(Extracted data entries)
....

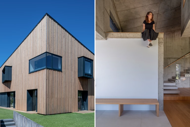W całości wykonany z betonowych elementów budynek pokrywa elewacja z drewna i grafitowej blachy. Asymetryczny kształt bryły stał się jednym z elementów charakterystycznych projektu. Asymetryczne jest także rozmieszczenie okien. Architekt bawi się ich rozmiarem, kształtem i osadzeniem – niektóre zamontowano standardowo, a inne w formie wykuszu.
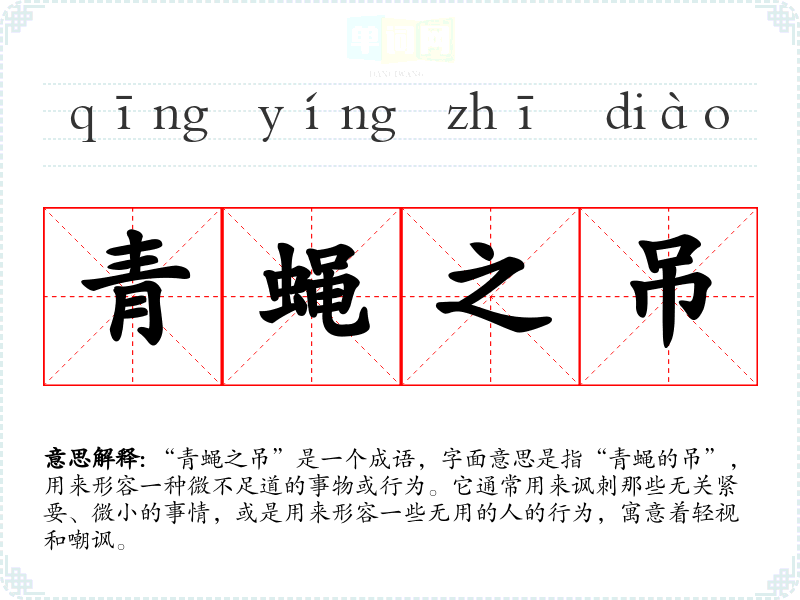 “青蝇之吊”是一个成语,字面意思是指“青蝇的吊”,用来形容一种微不足道的事物或行为。它通常用来讽刺那些无关紧要、微小的事情,或是用来形容一些无用的人的行为,寓意着轻视和嘲讽。
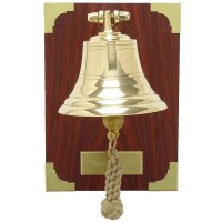 En ce qui concerne ce cadeau exceptionnel, la cloche en laiton pesant 700 ou bien 940 g est montée sur une plaque en bois foncé, dont les bouts sont aussi bordés de laiton. Le corps de la cloche - dont le diamètre fait 10 ou bien 12,5 cm - est monté avec deux visses sur le support galbé, le fixant ainsi à la plaque en bois. Cette composition magnifique est complétée par un morceau de corde en chanvre tressé, qui permet de faire sonner la cloche d'un son clair.
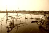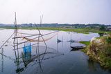 Beautiful Landscape view of a Traditional Fishing net Vessel with a Wooden Boat in the river in Bangladesh
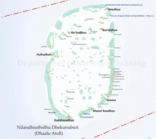 Atol Dhaalu je väčší ako jeho severný sused Faafu a tiahne sa 35 km od severu na juh a 20 km od východu na západ. Skladá sa zo 7 obývaných ostrovov, pričom hlavným mestom je Kudahuvadhoo. Kudahuvadhoo, rušné rybárske mesto, je tiež domovom záhadnej mohyly. Hromada starobylých kameňov bola použitá na stavbu mešity na ostrove, ktorú nórsky dobrodruh Thor Heyerdahl neskôr opísal ako najkrajšie murivo, aké kedy videl.
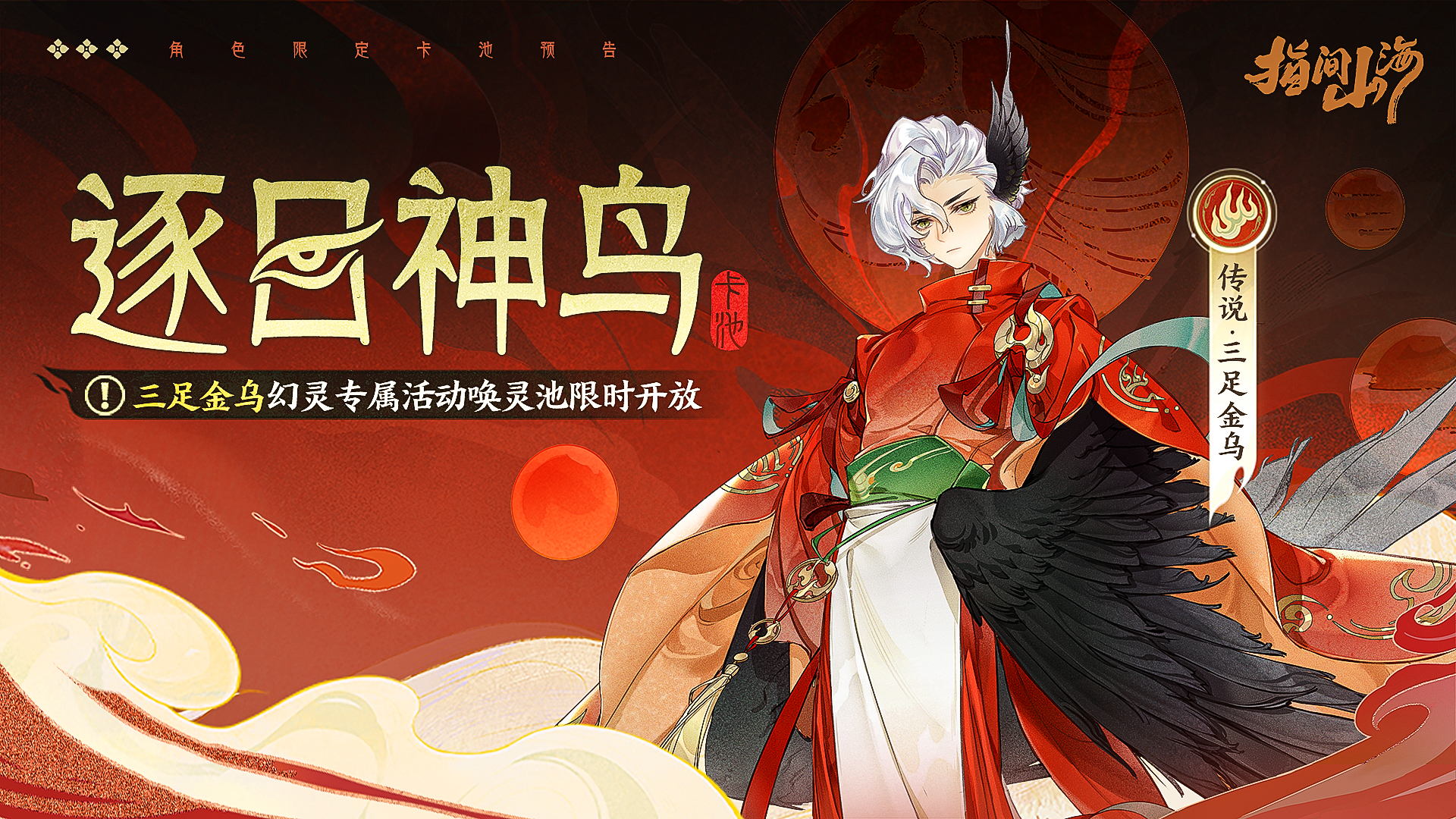 活动说明:活动期间内,传说幻灵「三足金乌」专属卡池「逐日神鸟」开放,50次招募必得传说幻灵!首次获得传说幻灵不是「三足金乌」时,第二次获得传说幻灵100%为「三足金乌」。具体可查看游戏概率公示界面。
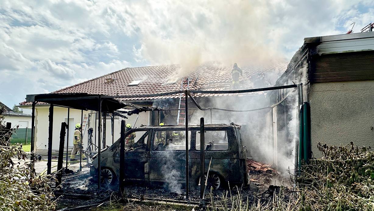 Zunächst steht ein Carport in Flammen, in dem ein Kleinbus komplett ausbrennt. Dann brennt auch das angrenzende Einfamilienhaus. Mittlerweile ist die Brandursache ermittelt und die Schadenshöhe beziffert.
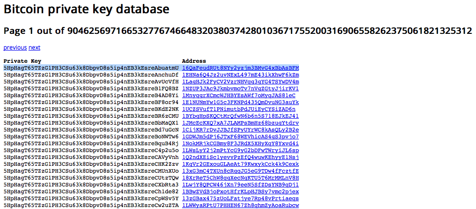 Что же на самом деле содержится на этом сайте? Генерируемые «на лету» страницы, на которых случайно сформированному секретному ключу (фактически, случайному числу) ставится в соответствие неиспользуемый Биткойн-адрес.
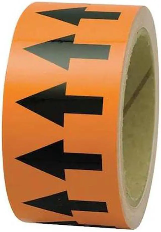Arrow Tape, Pipe Marker Legend Arrow, Legend Text Color Black, Background Color Orange, Pipe Marker Mounting Style Adhesive Pipe Marker, Self-Adhesive Pipe Marker Format Roll Form, Continuous, Length 1, 296 in, Width 4 in, Thickness 0.004 in, Roll Length 108 ft. This item has been restricted from sale in the following state (s): []

....

▶ EXERCISE INSTRUCTIONS
Give all the records again, exactly, without images.

▶ TASK ANSWER
W całości wykonany z betonowych elementów budynek pokrywa elewacja z drewna i grafitowej blachy. Asymetryczny kształt bryły stał się jednym z elementów charakterystycznych projektu. Asymetryczne jest także rozmieszczenie okien. Architekt bawi się ich rozmiarem, kształtem i osadzeniem – niektóre zamontowano standardowo, a inne w formie wykuszu.
 “青蝇之吊”是一个成语,字面意思是指“青蝇的吊”,用来形容一种微不足道的事物或行为。它通常用来讽刺那些无关紧要、微小的事情,或是用来形容一些无用的人的行为,寓意着轻视和嘲讽。
 En ce qui concerne ce cadeau exceptionnel, la cloche en laiton pesant 700 ou bien 940 g est montée sur une plaque en bois foncé, dont les bouts sont aussi bordés de laiton. Le corps de la cloche - dont le diamètre fait 10 ou bien 12,5 cm - est monté avec deux visses sur le support galbé, le fixant ainsi à la plaque en bois. Cette composition magnifique est complétée par un morceau de corde en chanvre tressé, qui permet de faire sonner la cloche d'un son clair.
 Beautiful Landscape view of a Traditional Fishing net Vessel with a Wooden Boat in the river in Bangladesh
 Atol Dhaalu je väčší ako jeho severný sused Faafu a tiahne sa 35 km od severu na juh a 20 km od východu na západ. Skladá sa zo 7 obývaných ostrovov, pričom hlavným mestom je Kudahuvadhoo. Kudahuvadhoo, rušné rybárske mesto, je tiež domovom záhadnej mohyly. Hromada starobylých kameňov bola použitá na stavbu mešity na ostrove, ktorú nórsky dobrodruh Thor Heyerdahl neskôr opísal ako najkrajšie murivo, aké kedy videl.
 活动说明:活动期间内,传说幻灵「三足金乌」专属卡池「逐日神鸟」开放,50次招募必得传说幻灵!首次获得传说幻灵不是「三足金乌」时,第二次获得传说幻灵100%为「三足金乌」。具体可查看游戏概率公示界面。
 Zunächst steht ein Carport in Flammen, in dem ein Kleinbus komplett ausbrennt. Dann brennt auch das angrenzende Einfamilienhaus. Mittlerweile ist die Brandursache ermittelt und die Schadenshöhe beziffert.
 Что же на самом деле содержится на этом сайте? Генерируемые «на лету» страницы, на которых случайно сформированному секретному ключу (фактически, случайному числу) ставится в соответствие неиспользуемый Биткойн-адрес.
Arrow Tape, Pipe Marker Legend Arrow, Legend Text Color Black, Background Color Orange, Pipe Marker Mounting Style Adhesive Pipe Marker, Self-Adhesive Pipe Marker Format Roll Form, Continuous, Length 1, 296 in, Width 4 in, Thickness 0.004 in, Roll Length 108 ft. This item has been restricted from sale in the following state (s): []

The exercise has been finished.